* [Provided data]

##############################

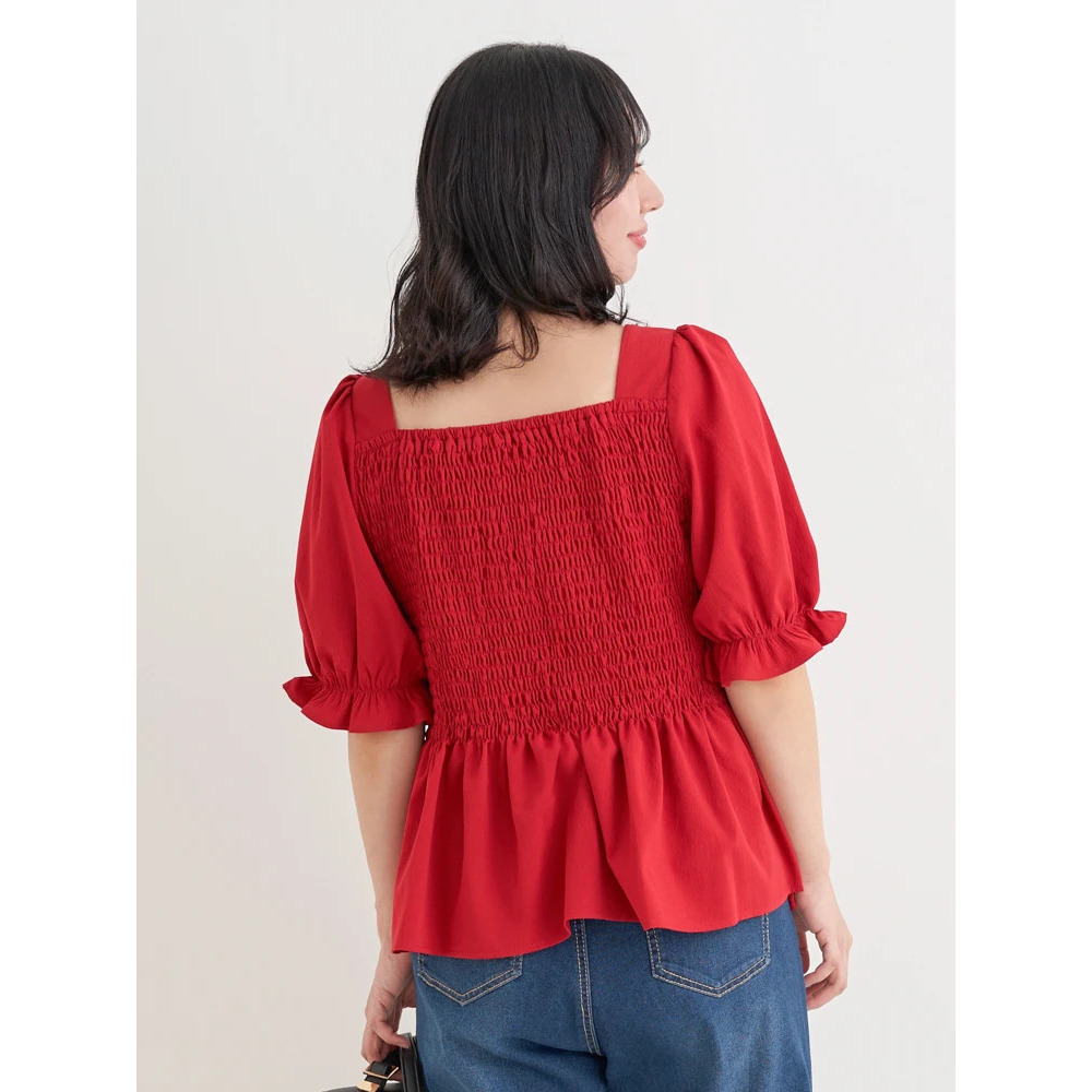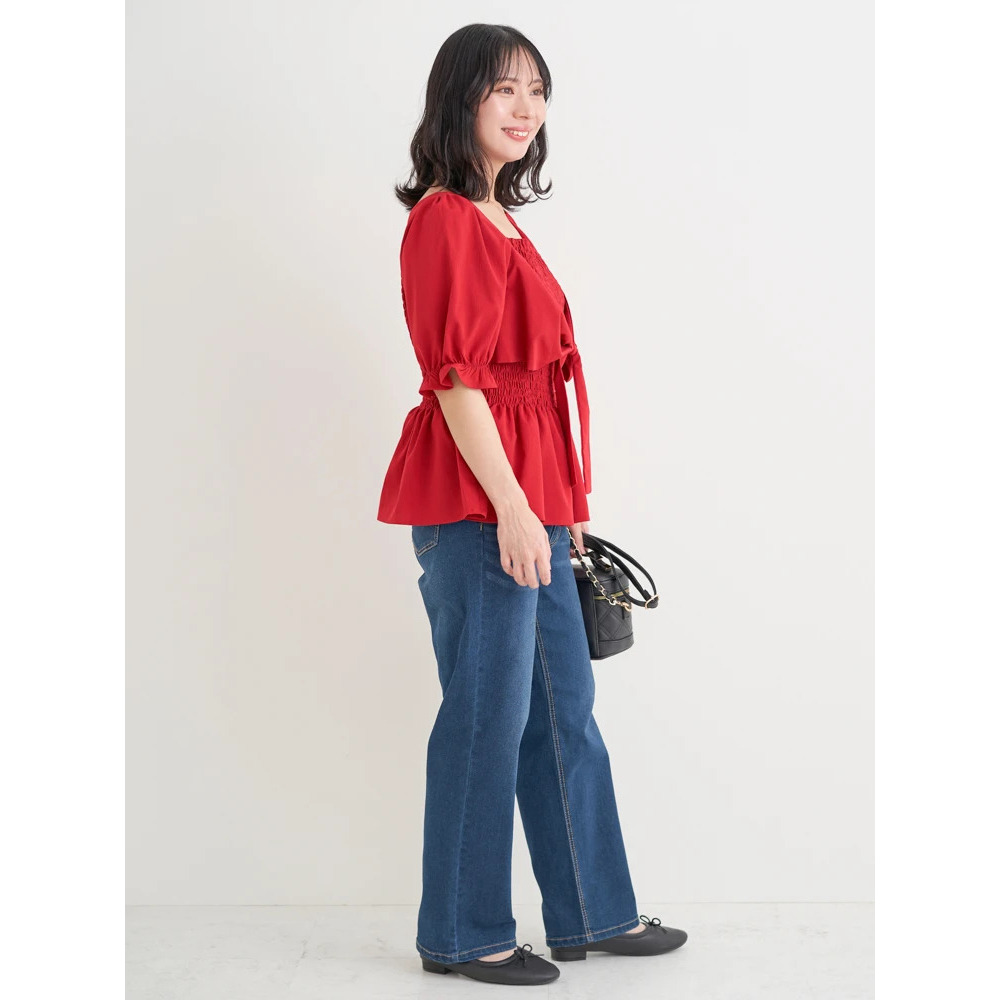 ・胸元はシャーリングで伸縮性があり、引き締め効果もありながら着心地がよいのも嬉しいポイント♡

##############################

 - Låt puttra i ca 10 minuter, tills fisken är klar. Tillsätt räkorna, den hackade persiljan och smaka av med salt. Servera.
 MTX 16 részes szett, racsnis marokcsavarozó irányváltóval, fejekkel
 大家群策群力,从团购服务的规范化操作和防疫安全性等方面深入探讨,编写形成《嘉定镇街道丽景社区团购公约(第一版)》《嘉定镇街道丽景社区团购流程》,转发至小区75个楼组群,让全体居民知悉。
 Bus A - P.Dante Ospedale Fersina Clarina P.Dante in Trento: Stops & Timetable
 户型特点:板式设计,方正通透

##############################

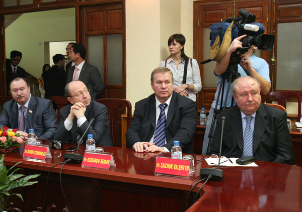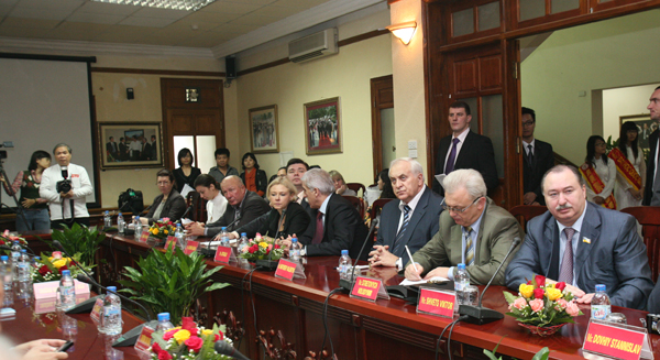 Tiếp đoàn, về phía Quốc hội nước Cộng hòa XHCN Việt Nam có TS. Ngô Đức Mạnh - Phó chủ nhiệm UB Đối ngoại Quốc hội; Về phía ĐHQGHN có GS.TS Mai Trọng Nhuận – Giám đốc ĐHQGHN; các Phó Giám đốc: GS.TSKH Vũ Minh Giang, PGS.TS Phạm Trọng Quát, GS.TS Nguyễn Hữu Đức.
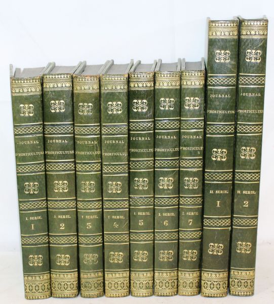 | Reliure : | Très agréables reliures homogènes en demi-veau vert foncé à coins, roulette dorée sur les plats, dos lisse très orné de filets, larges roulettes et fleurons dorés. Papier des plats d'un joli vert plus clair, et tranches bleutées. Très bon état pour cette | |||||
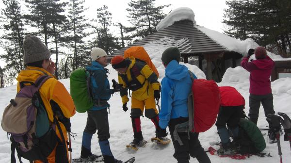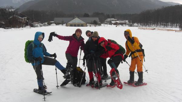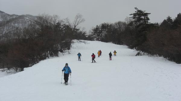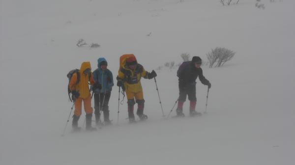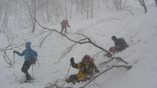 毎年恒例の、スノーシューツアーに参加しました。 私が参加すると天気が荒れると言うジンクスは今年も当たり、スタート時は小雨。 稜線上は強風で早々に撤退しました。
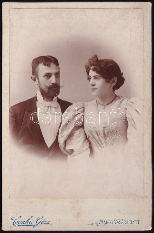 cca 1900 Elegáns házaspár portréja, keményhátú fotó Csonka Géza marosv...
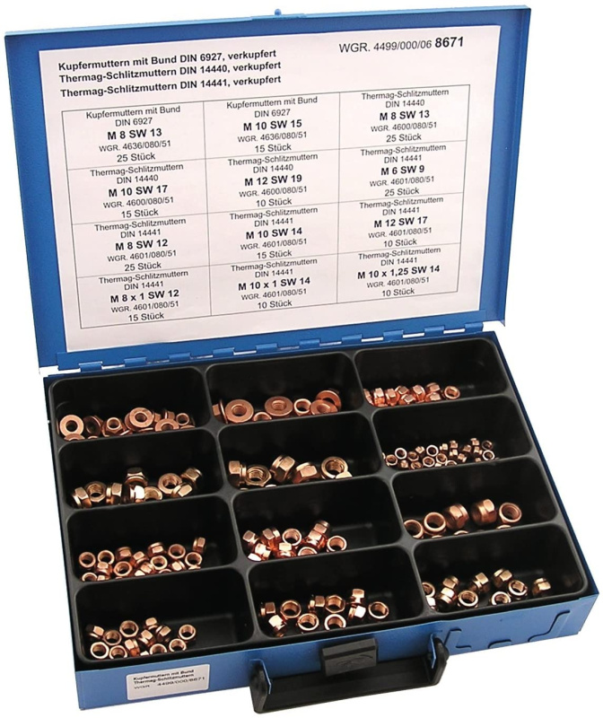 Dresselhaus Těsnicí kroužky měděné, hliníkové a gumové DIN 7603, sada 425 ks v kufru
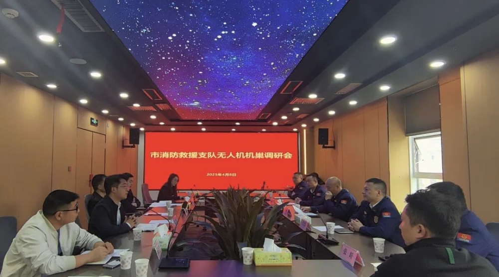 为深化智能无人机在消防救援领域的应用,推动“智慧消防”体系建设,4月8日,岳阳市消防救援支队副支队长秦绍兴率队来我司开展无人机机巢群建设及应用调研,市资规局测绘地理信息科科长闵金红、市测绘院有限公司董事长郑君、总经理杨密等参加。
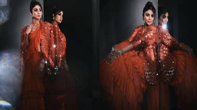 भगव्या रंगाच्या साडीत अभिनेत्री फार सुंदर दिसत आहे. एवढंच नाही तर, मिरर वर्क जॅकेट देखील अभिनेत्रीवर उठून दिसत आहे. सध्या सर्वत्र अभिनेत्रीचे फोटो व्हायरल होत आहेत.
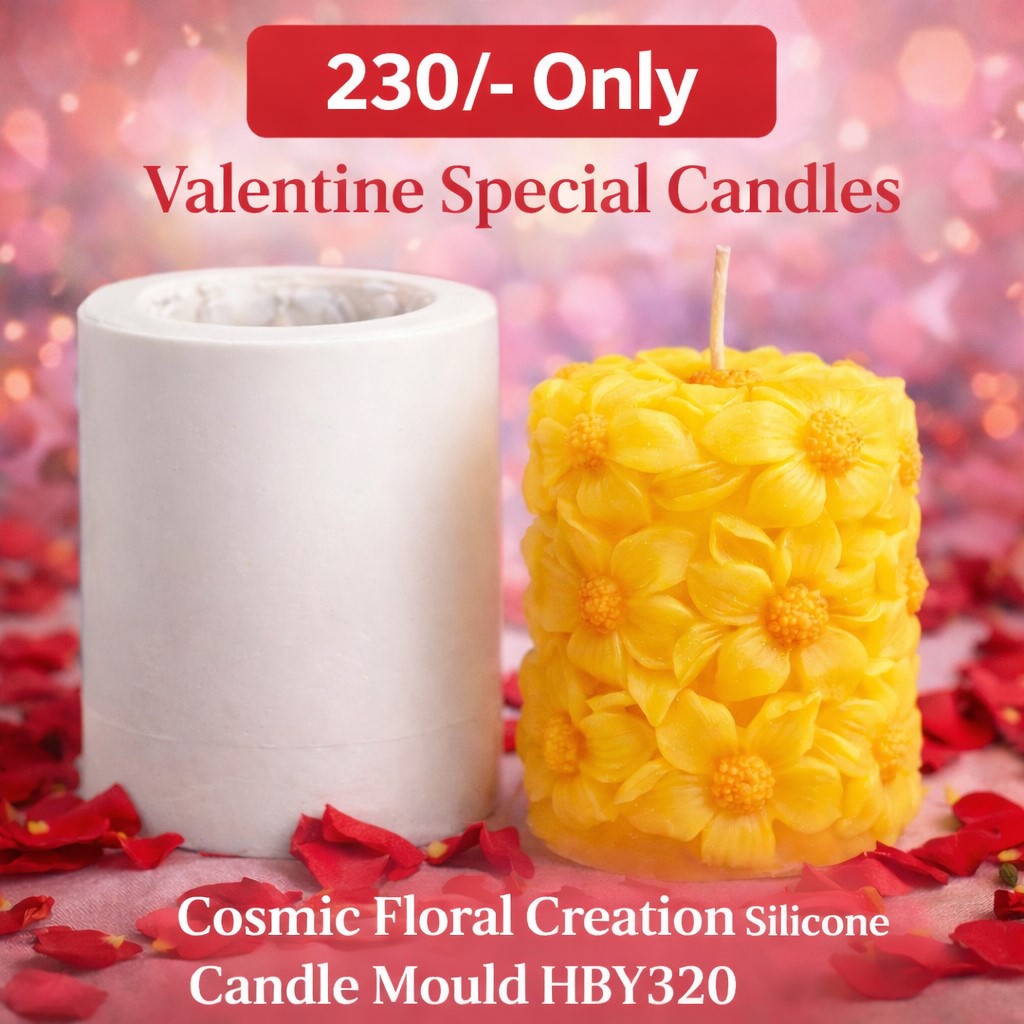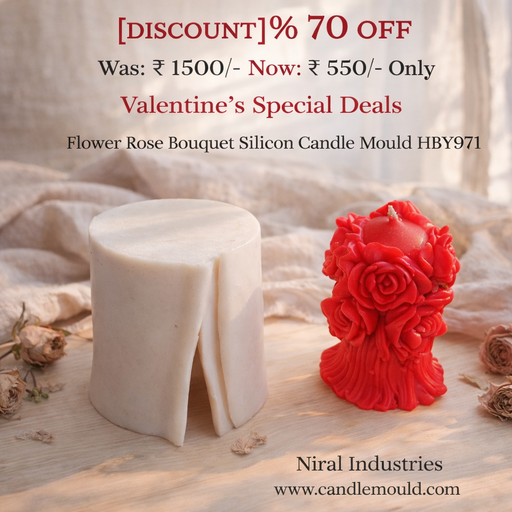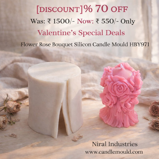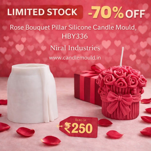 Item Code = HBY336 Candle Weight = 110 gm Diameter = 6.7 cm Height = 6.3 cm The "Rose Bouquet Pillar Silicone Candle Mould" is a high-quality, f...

##############################

From the data above, return exactly the lines from the one with "भगव्या रंगाच्या साडीत" up to and including the one with "Item Code = HBY336". Pictures do not go in the copy.

 भगव्या रंगाच्या साडीत अभिनेत्री फार सुंदर दिसत आहे. एवढंच नाही तर, मिरर वर्क जॅकेट देखील अभिनेत्रीवर उठून दिसत आहे. सध्या सर्वत्र अभिनेत्रीचे फोटो व्हायरल होत आहेत.
 Item Code = HBY336 Candle Weight = 110 gm Diameter = 6.7 cm Height = 6.3 cm The "Rose Bouquet Pillar Silicone Candle Mould" is a high-quality, f...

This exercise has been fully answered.